DESCRIPTION (provided by applicant): This application focuses on a globular protein of central medical importance - human proinsulin - and investigates sequence determinants of its foldability. Proper folding of proinsulin is fundamental to the function of the pancreatic beta cell and maintenance of metabolic homeostasis in vertebrates. Little is known about the baseline structure of proinsulin due to long-standing difficulties in obtaining crystals and the intractability of its NMR spectrum due to aggregation. In Aims 1 and 2 we will overcome these limitations through heteronuclear NMR studies of an engineered monomer. We seek to compare the structure of the insulin moiety to that of insulin itself and to evaluate the extent of local order in the connecting peptide. Aim 3 investigates sequence determinants of foldability in the endoplasmic reticulum of mammalian secretory cell lines. These cell-biological studies will test the hypothesis that residues in a specific folding nucleus are required for proper folding independently of effects of mutations on the stability or receptor-binding affinity of the folded protein. We hypothesize that "folding mutations" will be found that block kinetic accessibility to the ground state. Aim 4 builds on these results to test whether putative in vivo folding mutations indeed impair oxidative folding of proinsulin in vitro.
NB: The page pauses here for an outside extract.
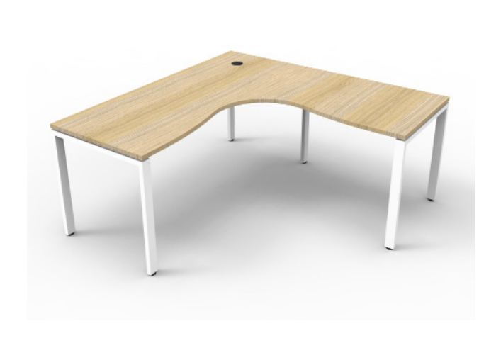
Corner Workstations Available with Screen attachment. Available in two sizes: 1500 or 1800 mm.

Because structural studies of nonfolding variants might be infeasible using biosynthetic material, we propose to employ total chemical synthesis to prepare the corresponding mutant insulins for functional, thermodynamic, and structural studies. Structures of "unfoldable" variants are sought in Aim 5. Can specific side chains in a protein serve as "kinetic guides" during folding - but be dispensible for the fuction of the protein once folded? Classical folding-pathway mutations have been identified in the trimeric tail-spike protein of phage P22. The proposed studies will test whether this paradigm generalizes to a monomeric folding reaction of central pharmaceutical and physiological importance. Of overarching interest would be the crystal structure of an "unfoldable" protein. Our results promise to have implications for the evolution of insulin-like sequences and the possible misfolding of human proinsulin in type II diabetes mellitus.

描述（由申请人提供）：本申请关注具有重要医学意义的球状蛋白-人胰岛素原-并研究其折叠性的序列决定因素。胰岛素原的正确折叠对于胰腺β细胞的功能和维持脊椎动物的代谢稳态是至关重要的。 由于长期难以获得晶体以及由于聚集导致的NMR谱的棘手性，对胰岛素原的基线结构知之甚少。在目标1和2中，我们将通过工程单体的杂环NMR研究来克服这些限制。我们试图将胰岛素部分的结构与胰岛素本身的结构进行比较，并评估连接肽中的局部顺序的程度。目的3研究哺乳动物分泌细胞系内质网折叠性的序列决定因素。这些细胞生物学研究将检验这样的假设，即特定折叠核中的残基是正确折叠所必需的，而与突变对折叠蛋白的稳定性或受体结合亲和力的影响无关。我们假设，“折叠突变”将被发现，块动力学可访问的基态。目的4建立在这些结果的基础上，以测试是否推定的体内折叠突变确实会损害体外胰岛素原的氧化折叠。由于非折叠变体的结构研究可能是不可行的，使用生物合成材料，我们建议采用全化学合成制备相应的突变胰岛素的功能，热力学和结构研究。目标5寻求“可展开”变体的结构。 蛋白质中的特定侧链在折叠过程中是否可以作为“动力学向导”--但一旦折叠，蛋白质的功能就可以不需要了？在噬菌体P22的三聚体尾刺蛋白中已经鉴定出经典的折叠途径突变。拟议的研究将测试这种模式是否推广到中央药学和生理重要性的单体折叠反应。最令人感兴趣的是“不可折叠”蛋白质的晶体结构。我们的研究结果有望对胰岛素样序列的演变和II型糖尿病中人胰岛素原可能的错误折叠产生影响。